WHAT THE TASK REQUIRES: Verbatim output of the lines below is required, with the images omitted.

DATA:
*** Begin section ***

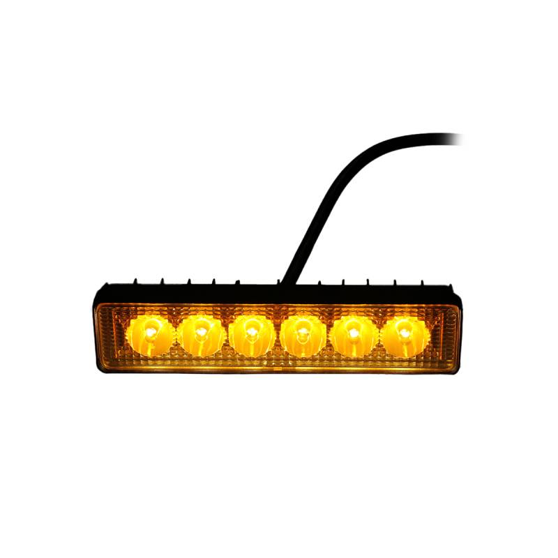 DJ1112AMB OFF ROAD FARO DE LED UNIVERSAL RECTANGULAR 18 WATTS (6 LED 3 WATTS) COLOR AMBAR 12V / 24V - HAZ DE LUZ SPOT -
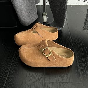 厚底内增高勃肯鞋包头半拖鞋女外穿2025新款秋夏季一脚蹬博肯单鞋
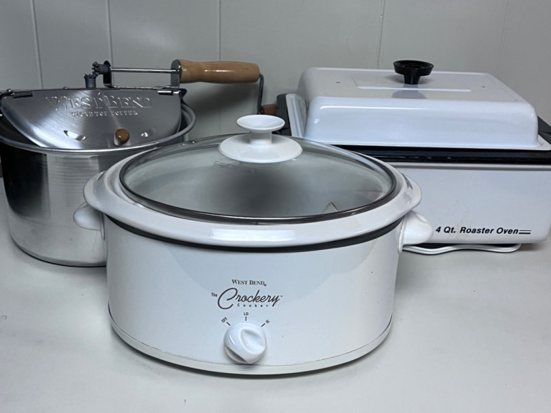 Lot # 86 - West Bend The Crockery Cooker—Stove Top Popper—Nesco Roaster Oven

*** End section ***

FINISHED TASK:
 DJ1112AMB OFF ROAD FARO DE LED UNIVERSAL RECTANGULAR 18 WATTS (6 LED 3 WATTS) COLOR AMBAR 12V / 24V - HAZ DE LUZ SPOT -
 厚底内增高勃肯鞋包头半拖鞋女外穿2025新款秋夏季一脚蹬博肯单鞋
 Lot # 86 - West Bend The Crockery Cooker—Stove Top Popper—Nesco Roaster Oven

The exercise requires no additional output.